Browser Interface Layer
Making HTML Dangerous
Copyleft (C) 2003 Brett McNamara
For many people, the primary application that they use to interact with their computer is the web browser. In response to this, the makers of web browsers have made them far more than simply a window on static content. Browsers are often complete user environments capable of doing almost any required function. Except one...
A web browser cannot interact with a computer's resources unless given explicit, special permissions. The is a very good thing, because no one wants the anonymous page they visit on the web to suddenly decide to erase their hard drive.
BIL (Browser Interface Layer) is a very small, unobtrusive platform that lets a simple web page do one of those things it should never be able to do; run an arbitrary program on the user's computer. It does this by sitting in a computer's memory and pretending to be a web server. The browser thinks it's a web server and talks to it normally. When the browser issues a specific run command, BIL launches the requested program.

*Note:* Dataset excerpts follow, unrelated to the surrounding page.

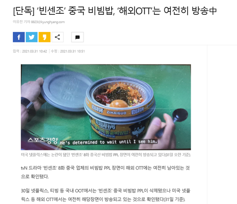 빈센조에서 중국 도시락 PPL한 것도 해외에서 그대로
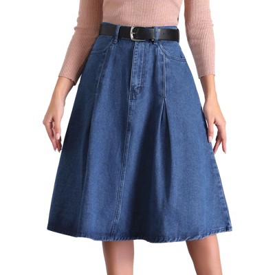 INSPIRE CHIC Women's Midi Solid Elastic Waist Flare Tiered A-Line Skirt with Pockets
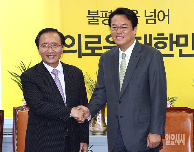 4일, 서울 여의도 국회 정의당 원내대표실을 찾은 새누리당 정진석 신임 원내대표(사진 오른쪽)가 정의당 노회찬 원내대표와 반갑게 악수를 나누고 있다.
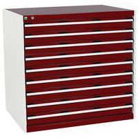 Műhely fiókos szekrény Bott Cubio, 100 x 105 x 75 cm, 9 fiókos, szürke-piros Műhely fiókos szekrény Bott Cubio, 100 x 105 x 75 cm, 9 fiókos, szürke-piros
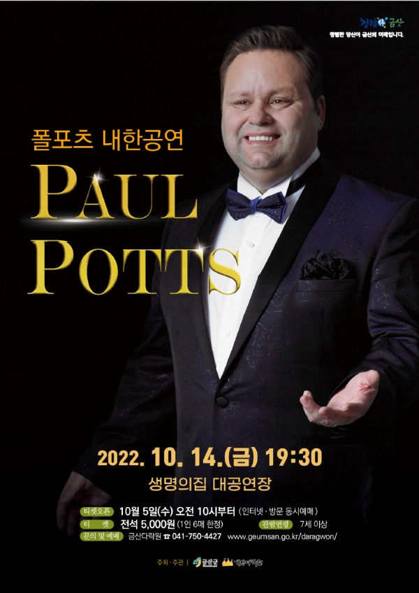 군 관계자는 “기적의 목소리로 희망의 아이콘으로 알려진 폴포츠 15주년 기념 콘서트가 금산군에서 열린다”며 “앞으로도 수준높은 세계적 공연을 선보일 수 있도록 최선을 다하겠다”고 말했다.
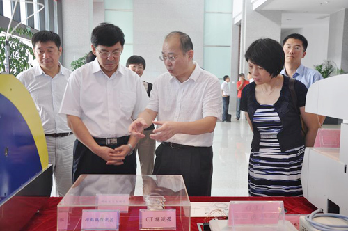 上午,阴和俊一行来到苏州医工所,参观了LED血管内窥镜、血管内超声探头、CT探测器、碳纳米X射线管等科研成果和高亮度LED、全自动血型配血系统、全自动化学发光测定仪等有代表的产业化成果,听取了所长宣明关于研究所筹建工作进展及“一三五”规划的制定实施情况的工作汇报,并与科研骨干进行了互动交流。
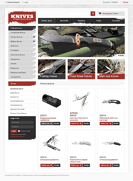 Template Name: White Gun Shop VirtueMart Template by Hermes Item number: 46282 Template Type: VirtueMart Author: Hermes Downloads: 0 VirtueMart Engine: 2.0.18 VirtueMart Compatibility: 2.0.12, 2.0.14, 2.0.16d, 2.0.18, 2.0.20b, 2.0.22a Joomla! Engine: 2.5.14 Joomla! Compatibility: 2.5.14 Sources Available: .HTML; .PSD;.PHP;.XML;.CS...

This program was originally designed to allow the HTML directory of a CD distribution to not only be browsed, but installed from. CDs often launch a browser when the CD is auto played. While this makes a lot of sense, it doesn't always work, depending on the user's browser set up. BIL also helps with this.

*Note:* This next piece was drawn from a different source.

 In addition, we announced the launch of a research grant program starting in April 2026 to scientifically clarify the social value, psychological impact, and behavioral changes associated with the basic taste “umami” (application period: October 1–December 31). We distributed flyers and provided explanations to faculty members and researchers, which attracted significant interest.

When BIL is run, it launches the user's default browser and points it at a startup page. The startup page is being served up by BIL so that it can respond to those special run requests. BIL's little kitty icon will be seen on the task bar. BIL dies when the browser it launched does, or when the user right clicks on the icon and tells it to go away. If closed from the icon, BIL will also close the browser it launched.
BIL is not a web server. Or rather, it could conceivably be used for that purpose, but it would be very very bad. For security reasons, requests are only accepted from the machine that BIL is running on.

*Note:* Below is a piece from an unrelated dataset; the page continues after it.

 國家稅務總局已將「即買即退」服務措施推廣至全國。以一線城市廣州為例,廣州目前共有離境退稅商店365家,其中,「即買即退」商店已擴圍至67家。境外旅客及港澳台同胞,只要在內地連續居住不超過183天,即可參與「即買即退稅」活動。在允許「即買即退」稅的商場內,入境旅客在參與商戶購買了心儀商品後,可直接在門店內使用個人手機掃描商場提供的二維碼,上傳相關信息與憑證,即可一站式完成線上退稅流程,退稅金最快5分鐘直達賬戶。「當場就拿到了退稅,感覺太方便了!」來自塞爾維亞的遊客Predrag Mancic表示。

BIL is ready to go out of the box. However, it does have a few customizable options. Of particular interested might be the language detection options.
BIL uses a standard INI file to store options. It will look for a bil.ini file in same directory that started bil.exe. It it doesn't find this file, it will simply run with the default values.
| Section: BID | ||
| Parameter | Default | Description |
|---|---|---|
| port | 8105 | The port BIL to listens to for browser requests. |
| portScan | 5 | Number of ports to scan, if the requested port is unavailable. |
| portScanIncrement | 200 | Amount to add to starter port for scanning (e.g. 8305, 8505...). |
| documentRoot | \htdocs | Directory that translates to "/" in BIL. |
| systemRootRun | . | Directory that BIL will consider the root for run requests. |
| Section: DocumentStartup | ||
| Parameter | Default | Description |
| default | /index.html | The default startup page to use, unless a matching language is found. |
| XXX | Where XXX is the three letter code that Windows uses to identify the user's language. These values are always uppercase. Examples include, German(DEU), U.S. English(ENU), Modern Spanish(ESN),French(FRA) | |
The syntax for running a program is fairly simplistic; it's run.html?cmd=program_path. The path will always be relative to the systemRootRun. Absolute paths are not supported.
If you're not running this page through BIL, all of these links will fail. Otherwise, they should confirm that BIL is doing it's job.
Download file: bil.zip
The zip also contains the source code and make files. It has been successfully complied with both GNU GCC and VC++.
This program is released under the GPL (GNU General Public License). It is free software and comes with ABSOLUTELY NO WARRANTY. See a copy of the GPL for details.
While this is trully free software and may be abused within the contraints of the GPL, I wouldn't mind being contacted if BIL finds it's way into an interesting place. Currently, BIL should be used on the next edition of TheOpenCD.